I guess I'm confused on why this is a problem.  Can fish just ignore ESRCH in this context on FreeBSD?  Certainly half a dozen other shells run on FreeBSD and implement some form of job control.  E.g., /bin/sh ignores the return value of setpgid() entirely.

I don't see any requirement in POSIX around FreeBSD's ESRCH behavior (I looked at it briefly yesterday, too).
Comment 5 Mahmoud Al-Qudsi 2020-11-19 03:41:45 UTC
Thanks for bringing my attention to the approach taken by sh - it made me
realize what I'd missed.

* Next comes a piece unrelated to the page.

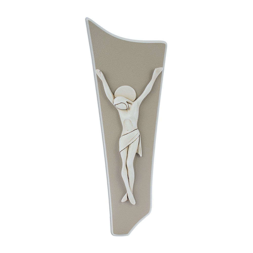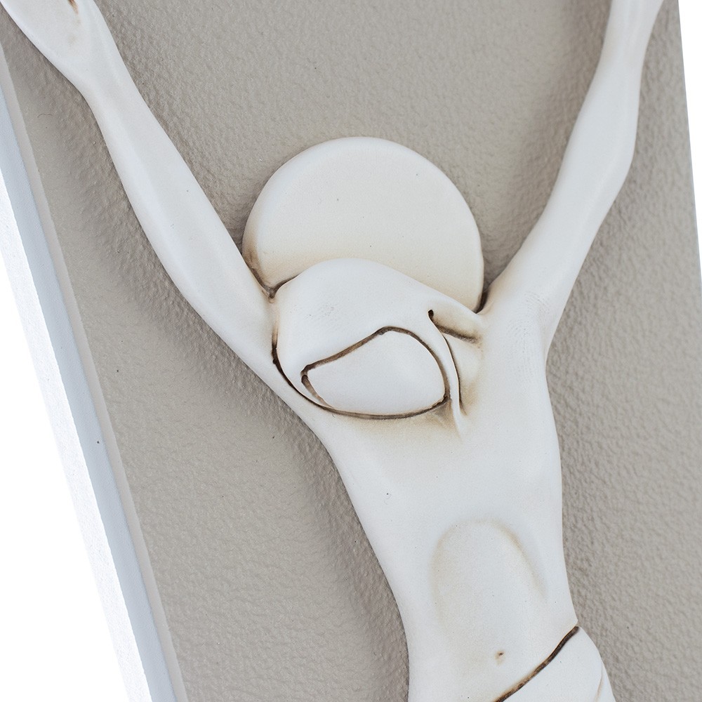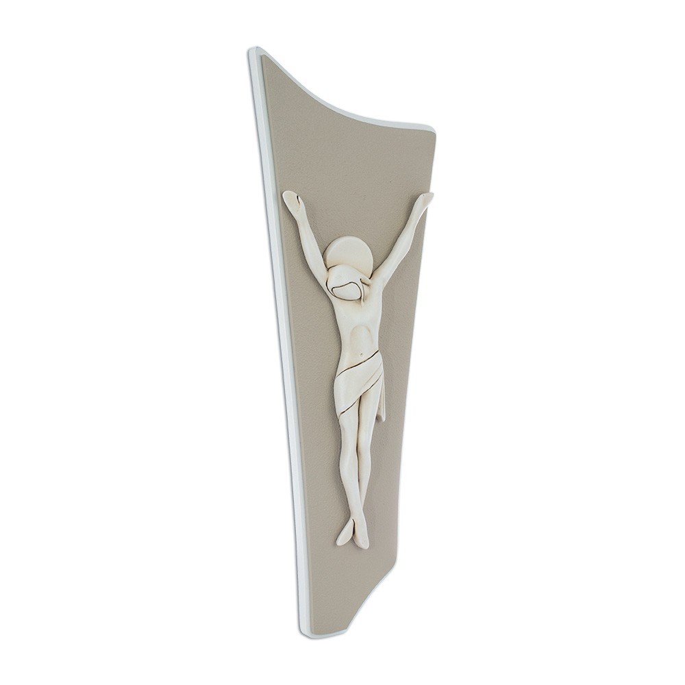 Crocifisso da parete in stile moderno con il Corpo di Cristo. Il fondo è composto da due pannelli sovrapposti colorati bianco e beige. Questo crocifisso è perfetto per chi vuole arredare con eleganza qualsiasi ambiente della propria casa. Fornito di forellino in acciaio per poterlo appendere. Ideato e prodotto in italia, con cura e attenzione ai dettagli.

So you're right, there's no broken job control here.

This is a real issue:

> [..] prevents a subsequent process in the same job from getting access to a
> shell that was assigned over to the newly minted pgrp that now contains only
> zombies

but it doesn't apply to FreeBSD, which is why sh can get away with ignoring any
setpgid failures. (Interestingly, tcsh handles this situation by swapping pgrps
in the middle of a single job invocation.)

It turns out that while FreeBSD does not consider zombie processes as valid
targets of a setpgid(2) call, it *does* keep their pgrp around and permits
other processes to join the pgrp even if it only contains zombies.

While the original issue persists and setpgid(zombie_pid, zombie_pid) calls fail
with ESRCH instead of the expected EACCES, as you say, this is trivially handled
if you have any degree of confidence that you are specifying a target process
that is or was a valid child pid from the same session... and (more tenuously)
assuming you know this is the behavior on at least some of the platforms you are
targeting.

It's not the end of the world by any means, but I would argue that the
consideration of zombie child processes should be an everywhere or nowhere at
all type of thing (and this is where my assumption of broken job control came
from). e.g. Linux considers zombie processes in setpgid calls (only to determine
the error code) and lets new processes join pgrps that contain only zombies,
whereas some kernels (e.g. WSLv1 up until recently) don't consider zombies at
all and reclaim pgrps as soon as the last process in it exits (before it's
reaped).

That aside, I'm assuming we can all agree it would be great for the man pages to
clarify the behavior when it comes to zombie procs. Are you open to a patch?

Thanks!
Comment 6 Conrad Meyer freebsd_committer freebsd_triage 2020-11-19 18:33:13 UTC
Admittedly, I am not especially familiar with job control, shells, or setpgid.  It might be desirable for zombies to be included in more places they currently are not.  I really don't know.

I would love a patch that improves the documentation clarity in this area.